ML Fundamentals Lab
📚 Overview This repository contains a collection of beginner‑friendly, intuitive, real‑life‑based machine learning labs built using NumPy, Pandas, and scikit‑learn. Each .py file focuses on one core ML concept with simple examples and clean code.
These labs help you build a strong foundation in:
Train/test splitting
Linear regression
Logistic regression
Feature scaling
Pipelines
Model evaluation
Real‑life ML workflows (housing prices, student pass/fail, pizza delivery time, fraud detection)
🛠️ Installation
- Create and activate a virtual environment bash python3 -m venv venv source venv/bin/activate
- Install required packages bash pip install numpy pandas scikit-learn (Optional but recommended)
bash
pip install jupyter matplotlib
bash python filename.py Example:
bash python 01_train_test_split.py 📂 File‑by‑File Breakdown Below is a clear explanation of every .py file in this lab.
01_train_test_split.py Concept: How to split data into training and testing sets. Why it matters: Prevents overfitting and ensures fair evaluation. Dataset: Iris Key skills: train_test_split, ML workflow basics.
02_housing_prices_linear_regression.py Concept: Linear regression using a real‑life example (predicting house prices). Why it matters: Teaches how models learn numeric relationships. Key skills: slope, intercept, prediction, regression intuition.
02_linear_regression.py Concept: Linear regression using scikit‑learn’s diabetes dataset. Why it matters: Introduces coefficients, intercept, and R² score. Key skills: model fitting, evaluation, regression fundamentals.
03_01_student_pass_fail.py Concept: Logistic regression with a real‑life example (predicting if a student passes). Why it matters: Shows classification vs regression clearly. Key skills: probabilities, decision boundaries, classification intuition.
03_logistic_regression.py Concept: Logistic regression on the Iris dataset. Why it matters: Introduces multi‑class classification. Key skills: accuracy, training vs testing performance.
04_standard_scaler.py Concept: Feature scaling using StandardScaler. Why it matters: Many ML models require normalized data. Key skills: standardization, preprocessing, mean=0, std=1.
05_pipeline_basics.py Concept: Building a simple ML pipeline (scaling + model). Why it matters: Real ML systems always use pipelines. Key skills: Pipeline, preprocessing, clean workflows.
05_pizza_delivery_time_pipeline.py Concept: Real‑life pipeline example (predicting pizza delivery time). Why it matters: Shows how numeric + categorical preprocessing works. Key skills: ColumnTransformer, OneHotEncoder, regression pipeline.
06_model_evaluation.py Concept: Evaluating classification models using precision, recall, F1. Why it matters: Accuracy is not enough — real ML requires deeper metrics.

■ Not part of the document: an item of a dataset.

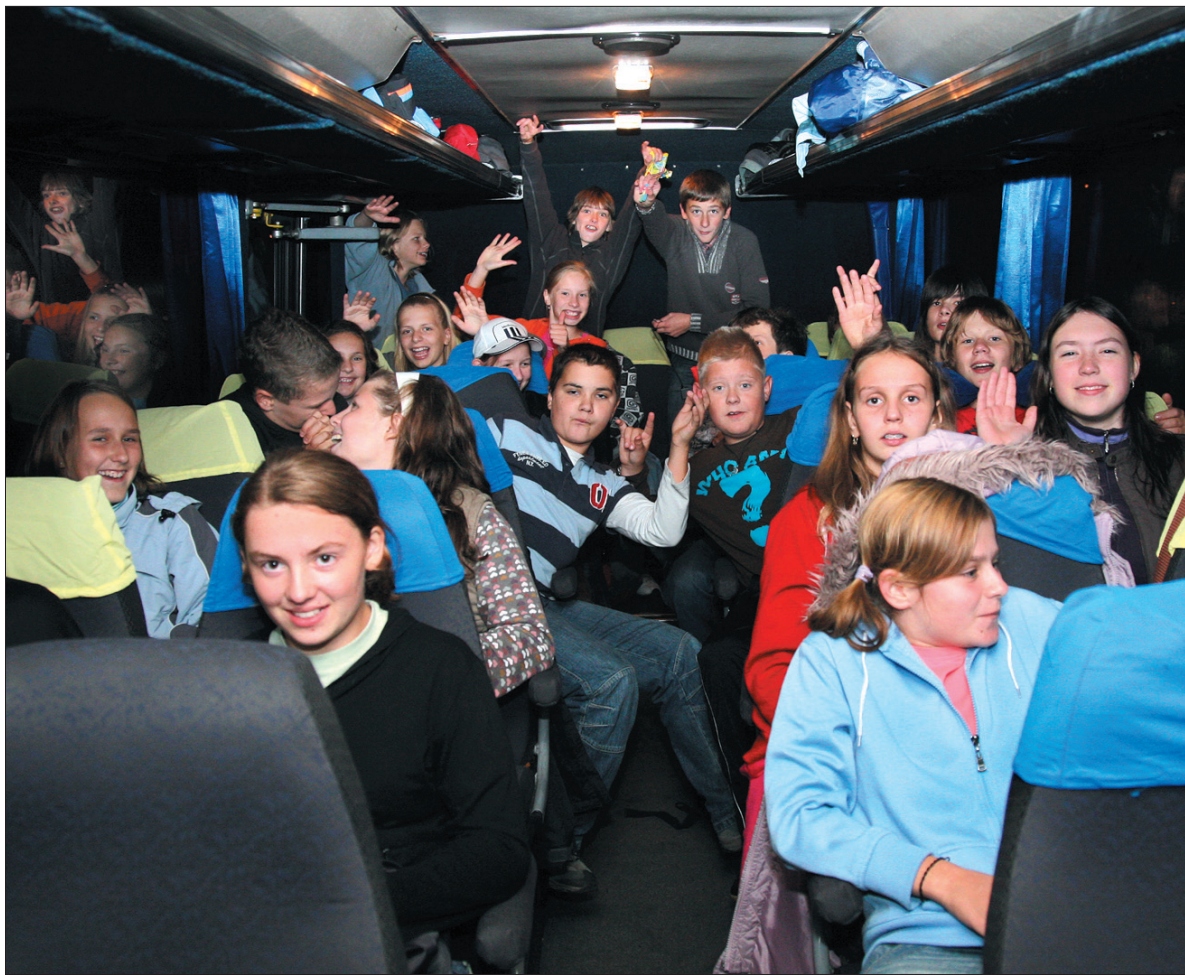
Na twarzach wyjeżdżających na zieloną szkołę siódmaków gości radość – właśnie rozpoczynają dwutygodniową przygodę nad polskim morzem.

Nieprzyjemne chwile nastąpiły jednak przed samym wyjazdem, jeszcze w Cieszynie, kiedy okazało się, że autokary nie przyjechały na miejsce odjazdu na czas. W dodatku, kiedy rodzice zobaczyli, że zamiast zapowiadanych autokarów o solidnym standardzie, dwa z nich to zwykłe Karosy, choć z klimatyzacją, to niektórych ogarnęła panika. Na nic się nie zdały tłumaczenia organizatorów, że to nie oni, ale przewoźnik zawinił... Faktem jednak pozostaje, że odjazd opóźnił się o prawie 2,5 godziny. Rodzice żądali sprawdzenia atestów technicznych autokarów i próby trzeźwości kierowców. Sprowadzona na miejsce policja stwierdziła jednak, że żaden z kierowców nie spożył alkoholu, a wszystkie autobusy posiadają ważne atesty. Krytykowane Karosy mia-

Key skills: classification_report, model evaluation.
07_fraud_detection_pipeline.py Concept: Full ML pipeline for fraud detection. Why it matters: Fraud detection is imbalanced and requires careful evaluation. Key skills:
numeric + categorical preprocessing
logistic regression
precision/recall/F1
real‑life ML workflow
🧠 Recommended Learning Order 01_train_test_split
02_linear_regression
02_housing_prices_linear_regression
03_logistic_regression
03_01_student_pass_fail
04_standard_scaler
05_pipeline_basics
05_pizza_delivery_time_pipeline
06_model_evaluation
07_fraud_detection_pipeline
This order builds intuition step‑by‑step.